The BES data are reduced to a single time series. First, the latter 32 channels have half the range of the former 32 channels, and so the signals from those channels are correspondingly scaled by 2. Second, all 64 channels are averaged together. The above procedure creates six channels for detecting ELMs when this single BES channel is combined with the two interferometer channels and the three filterscope channels.
The principle behind the detection algorithm is that, because each of the different diagnostics detects different reactions of the plasma to ELMs, they should all be treated separately and then combined at the end. In the BES signal, candidates are labeled via a simple threshold. If the signal is above the threshold t (out of ∼10 V), the point is labeled an ELM candidate. The interferometer and filterscope signals are differentiated numerically using a first-order time difference and then the absolute value is taken. From each differentiated signal, the 1 − η largest points are labeled as candidates, where the same η is used for all five of the signals to define the threshold percentile.

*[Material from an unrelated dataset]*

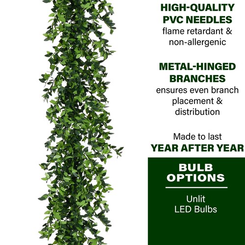 - Festive 9-ft. Boxwood garland designed for indoor or covered outdoor use

All six signals are now binary time series, in which a one indicates an ELM candidate in that signal. The signals are individually convolved with a window function 100 µs long to prevent a “near miss” between signals. This also helps produce fewer, more uniform regions (in time) of candidates instead of a greater number of smaller regions. A candidate is declared in the interferometer signals if either signal contains a candidate. A candidate is declared in the filterscope signals if any two of the three signals contain a candidate. A candidate is declared in the BES signal directly, based on the average of the channels as described above. Finally, any point that has a candidate in all three diagnostics is declared an ELM.
To tune the values of t and η, we use a database of 972 ELMs that were hand labeled. This dataset consists of manually trimmed regions that should contain only one ELM and a smaller region labeled to be the ELM. An example of the data used to detect ELMs is shown in Fig. 4. The trimmed regions are of varying lengths, from a few milliseconds to tens of milliseconds. In order to rank the thresholds, t and η, we use the Area Under the Curve (AUC) metric of the precision–recall curve.36 A plot of the precision–recall curve as a function of η and t is shown in Fig. 5. Precision is defined as the number of ELMs identified by the ELM-O algorithm that are also labeled as ELMs by the expert. Recall is defined as the number of ELMs labeled by the expert that are also identified by the ELM-O algorithm.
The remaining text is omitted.